В родном городе V. мы часто навещали, кажется, одинокую – не помню – детскую площадку позади шахматного клуба. В погоне за неуловимым счастьем я от всей необъятности души резвился, безжалостно втаптывая маленькими пяточками холодный, слегка влажный песок и тогда еще безболезненно дышал. Не задумываясь. Судороги не властвовали надо мной. Лишь здоровый экстаз, вызываемый искусственно в кризисы взросления, которые успели со мной случиться.
Мама с улыбкой за этим наблюдала. Спрашивала, не проголодался ли я. Покупала в киоске хот-доги, которые я так обожал.
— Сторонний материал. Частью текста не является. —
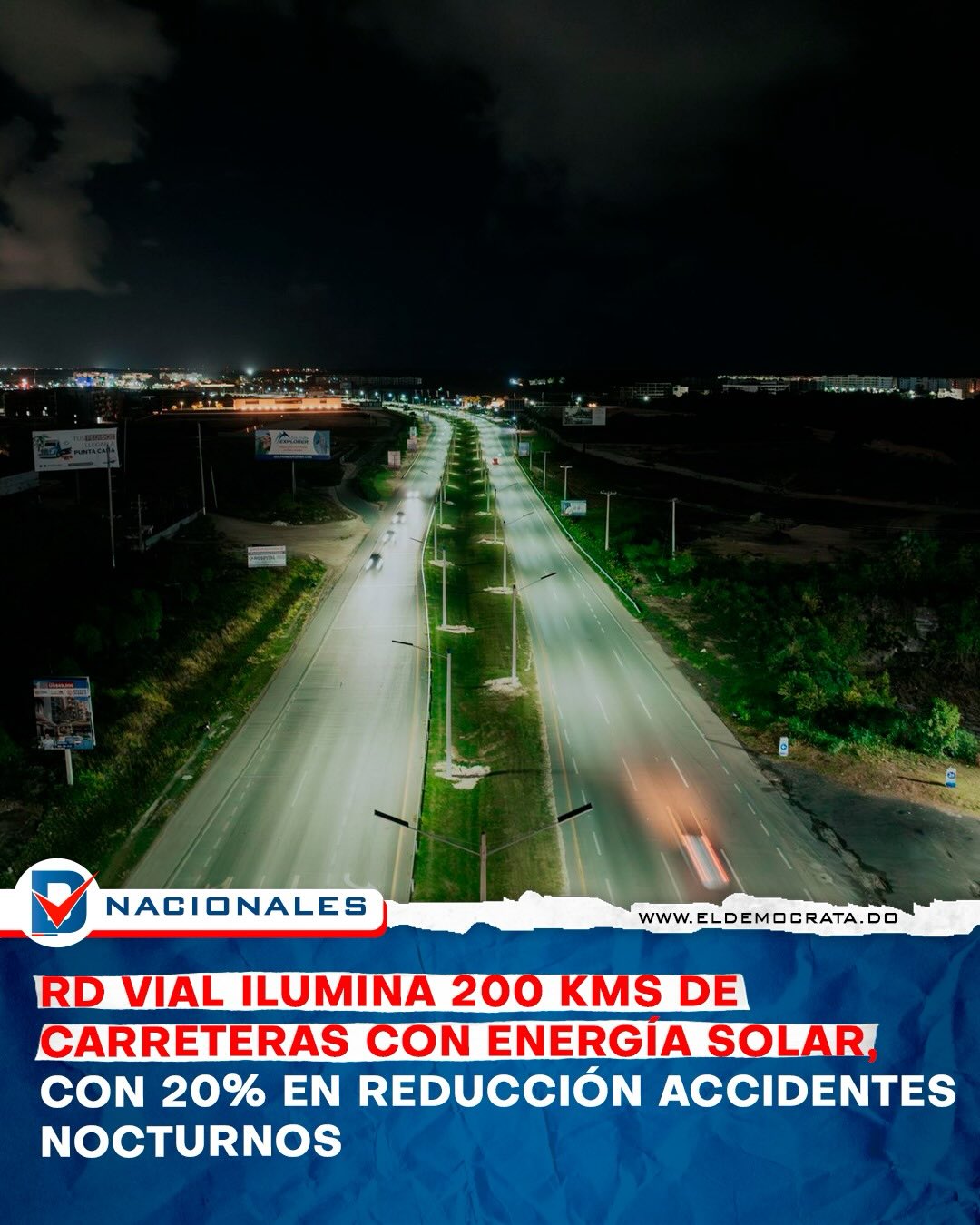 El Fideicomiso RD Vial ejecuta el más ambicioso programa de iluminación vial en la historia de la red de carreteras de la República Dominicana, abarcando, por el momento, 200 kilómetros con más de 10 mil lámparas de tecnología LED, alimentada por energía solar, lo que se traduce en un ahorro millonario por el no uso de electricidad.
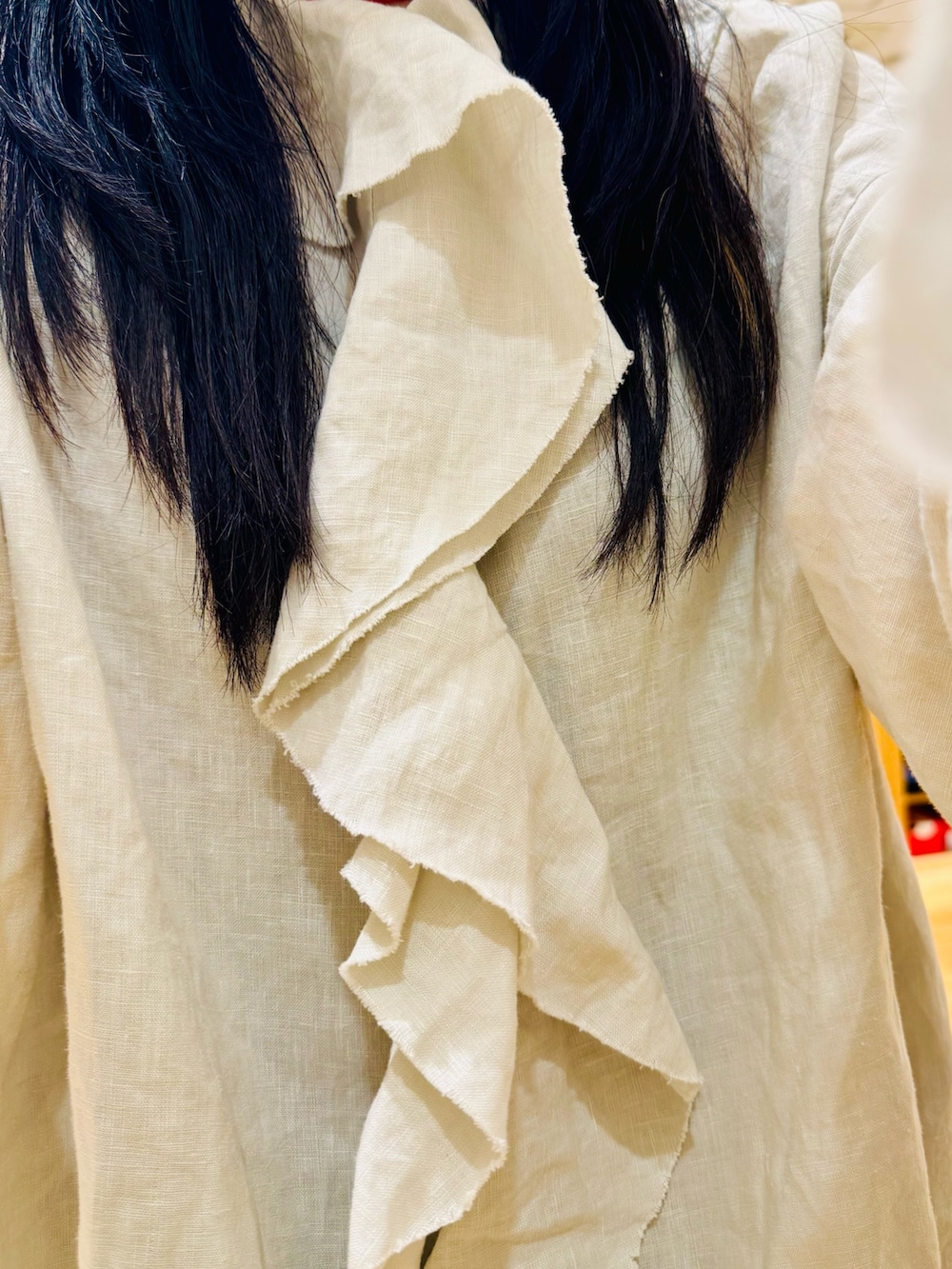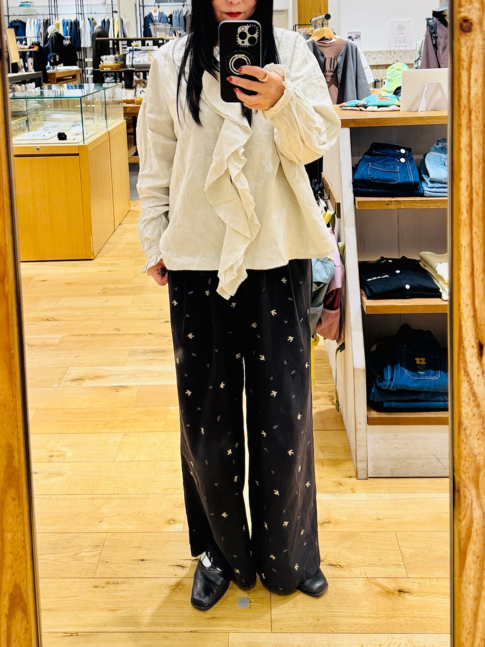 ツバメ刺繍がとても可愛くて一目惚れで購入しました♡かぐれらしいシルエットで履き心地も最高です👍リネンのフリルシャツは予約の時から欲しかったアイテムです!大きいフリルでシンプル好きな私でもリネンの柔らかい素材のお陰でラフに着れてトップス、ボトム共にお気に入りの商品です!是非DOORSららぽーと和泉店でかぐれ商品を見に来て下さいね🥰

Я обнимал ее стройную ногу, пока она расплачивалась. Поглощал влюбленным, сверкающим примесью восточной крови взглядом, как в лучах разгорающегося летнего солнца сияли ее почти пепельные, длинные волосы. Голубоглазая, высокая, тонкостанная, она подобна ангелу. Всегда добрая и очень любила меня обнимать, точно белоснежными крыльями ограждая от ожидавших меня опасностей.
Я и теперь ощущаю ее аромат, когда она наклоняется поцеловать мой деревянный, в золотом контуре Крест. Как самые лучшие цветы, которые в те времена все еще ангел-сынок собирал, чтобы родная улыбка была еще сказочнее, чем у преодолевшей заточенье поднебесной башни принцессы.
Я вынужденно бежал из настоящего, ведь тут не находилось места для жизни.
Ощущалась лишь ее иллюзия. Гомеостаз, в котором завязло человечество.
Иерархичное скопление людей, называемое обществом, слабоумно и отважно опирается на зыбкий фундамент низменных чувств и желаний и этим наполняет свое бездумное существование.
Дискриминация и сильных, и слабых; классовое противостояние, культ рекламы, отношения «спрос-предложение» – все это не более, чем искусственно созданные условия псевдорегуляции, условия разграничения чужих и своих. Условности. Условности. Условности.
Среди всего этого мечтатели рвутся за трансцендентной сущностью самого бытия, стремятся распахнуть шторы всеобщего хаоса и сходят с ума, пытаясь. Пытаясь понять. Любить. Чувствовать. По-настоящему, без примененной к себе всеобщей тенденции к фальши. Втиснуться в эти рамки условностей.
Каждое маниакально повторенное действие становится образом надежды, попыткой. Попыткой испытать сострадание к такому миру. Попыткой причинить себе боль во имя разрушения условностей. Попыткой принять эту боль и впитывать как можно больше, старательно, с надеждой на перемены. Попыткой создать утопию. Утопию счастья.
И я был таким. Пытался понять. Стать счастливым. Простить. Сдержаться. Вытерпеть.
Ради других.
Я подождал…
Еще совсем чуть-чуть…
А вдруг?
Нет.
Порой даже отражение в зеркале казалось не более, чем вымыслом, выдумкой собственного образа.
Бабушка
А ведь была еще и другая мама – моя (наша) бабушка.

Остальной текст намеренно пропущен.